Yun-Fei Ji is a Beijing born, New York based artist whose satirical works critique prevailing global power structures to consider the forced migration and willing immigration of people around the world and their resulting experiences, which are exclusionary and predicated on bias. In Ji’s ink and watercolor painting Nativists and the Immigrants, the artist presents this rising tide of intolerance and the predicament faced by anyone not representative of the dominant culture. A muted color palette combined with a mixture of humans and anthropomorphic animal forms appears at first glance light-hearted, even humorous. Surrounded by three women, a tiger-headed figure dominates the foreground, directly behind them looms an ox and a pig, both with human bodies. There is much to consider in this scene, yet my eye is repeatedly drawn to the crouching tiger figure. The magnetism of this tiger-figure almost explains how people can be unwittingly led astray by the dynamism of leaders, cultural movements, and collective opinions. But here, Ji’s figure alludes to the Confucian parable of a tyrannical government being worse than death as a tiger’s lunch. In light of this symbolism, Ji references the social ills and struggles immigrants and people of color face around the world. The artist illuminates the complex and precarious balance between assimilating for survival, navigating the unfamiliar, prevailing against societal biases, and preserving one’s individual sense of cultural identity. This last factor is especially poignant because nativists and immigrants have something in common: they are all struggling to retain their cultural identities.

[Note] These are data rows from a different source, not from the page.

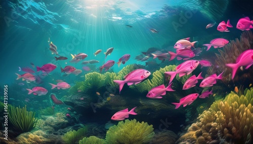 © Cristina, Fototapeta premium a school of vibrant pink fish swim in a lush green underwater paradise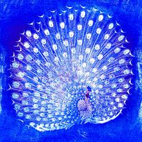 Een expressionistische illustratie van een pauw in blauwe kleuren tegen een prachtig geschilderde achtergrond met zachte textuur.
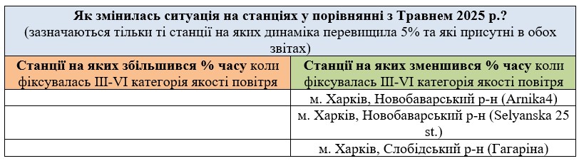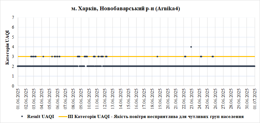 За червень аналізували дані з 6 станцій моніторингу розташованих у м. Харків (5 станцій) та селищі Пісочин (1 станція, яка виключена з аналізу через недостатню кількість даних).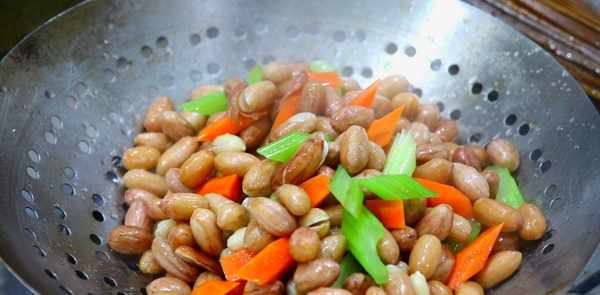 2、锅中烧开水,加入少许植物油,待水开后,交替放入坚果、芹菜和胡萝卜,连续压几下,大火煮两分钟,捞出监测水。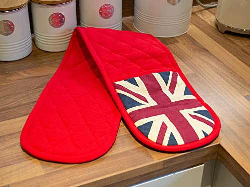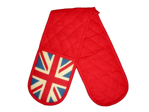 East2eden - Set da cucina in tessuto, comprensivo di grembiule, guanto da forno e strofinaccio, motivo: Union Jack, Red, doppio guanto da cucina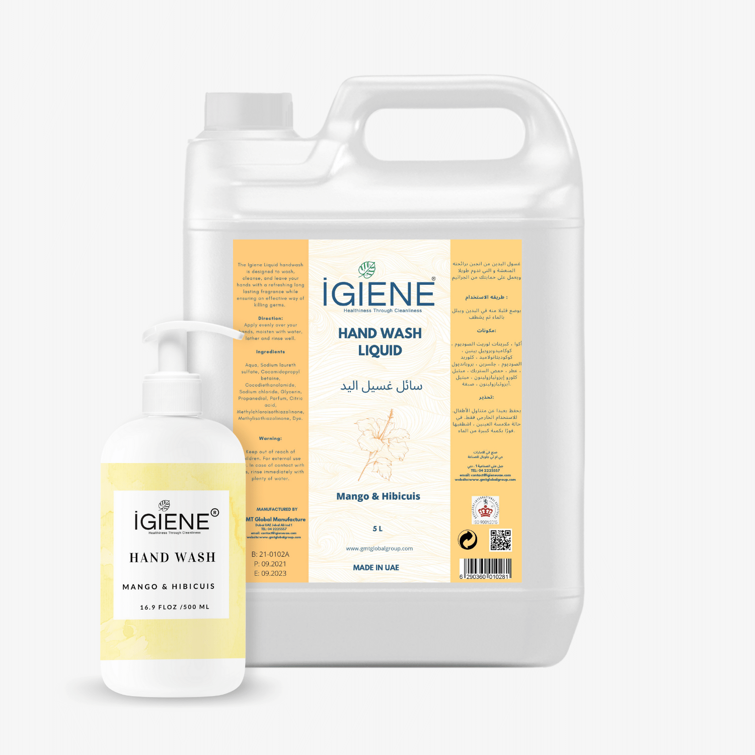The Igiene Liquid handwash is designed to wash, cleanse, and leave your hands with a refreshing long-lasting fragrance while ensuring an effective way of killing germs. Our solution has been developed to softly clean and restore your skin, as well as indulging your hands into an experience that pleases your sensations.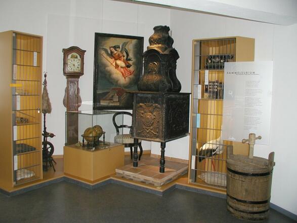 Das begehbare Depot präsentiert ein "Sammelsurium" aus Hausrat, Möbel (bemalte Schränke, Schreinerei und Büttnerei) und Kleidung aus der Region (inkl. Kopfbedeckungen). Die umfangreiche Museumssammlung bietet immer wieder überraschende Objekte.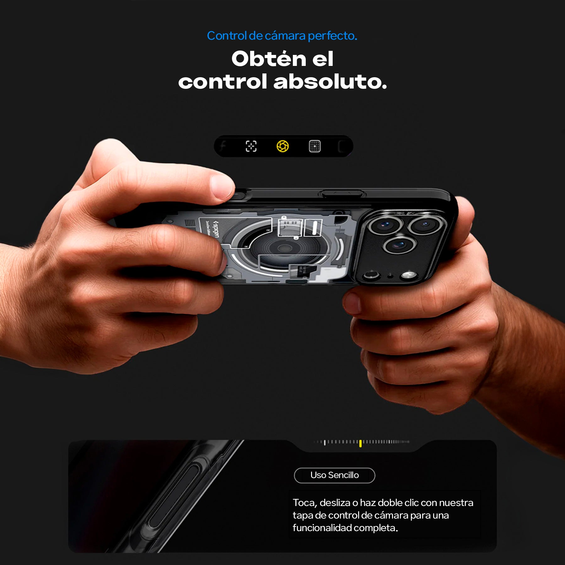 Este case viene con MagSafe integrado y camuflado, listo para conectarse con todos esos accesorios épicos que tienes en la mira (ver aquí). ¿Y el nuevo detalle? Una cubierta táctil sobre el botón de cámara que hace que tomar fotos se sienta más natural, más rápido, más tú.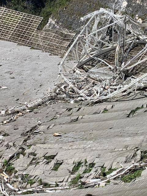 El telescopio colapsó el 1 de diciembre de 2020 cuando un cable que sostenía una plataforma receptora de 900 toneladas se rompió alrededor de las 8:00 am y envió la estructura masiva hacia el plato reflector a más de 400 pies por debajo.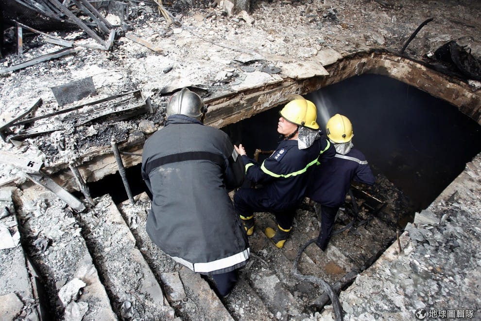消防人員走入已經被炸得焦黑的商場大樓中。

So, the larger, looming question is: how can we move forward to create a new world together and find healing? Is the answer found in unveiling that which was once hidden, recounting our stories, and baring our wounds to one another? What is clear (at least to me) is that we must be unafraid to tell the truth, and that those in power must listen now. But after listening, action must be taken. But there is no single or simple answer on how to proceed. What I do know is that we can no longer keep our heads down and carry on as usual. The path of willful ignorance only produces more monsters. We must allow ourselves to be touched by our shared humanity while also celebrating our differences. It is what makes the artworks mentioned throughout this essay so meaningful and timeless. Ji, Goya, Ringgold, and Shonibare illustrate that healing comes from bold truth-telling and acknowledgement of past and present wrongs; and it must occur collectively and publicly. So, as we emerge from our respective cocoons, I hope that we remember how traumatic this year has been for us all. While it has been filled with loss, pain, anger, and despair there will come a day that we can look back on this period with less anxiety. Despite all the negative moments of these past months, we forged new paths and ways of relating to one another. This year was also filled with hope, determination, and resilience.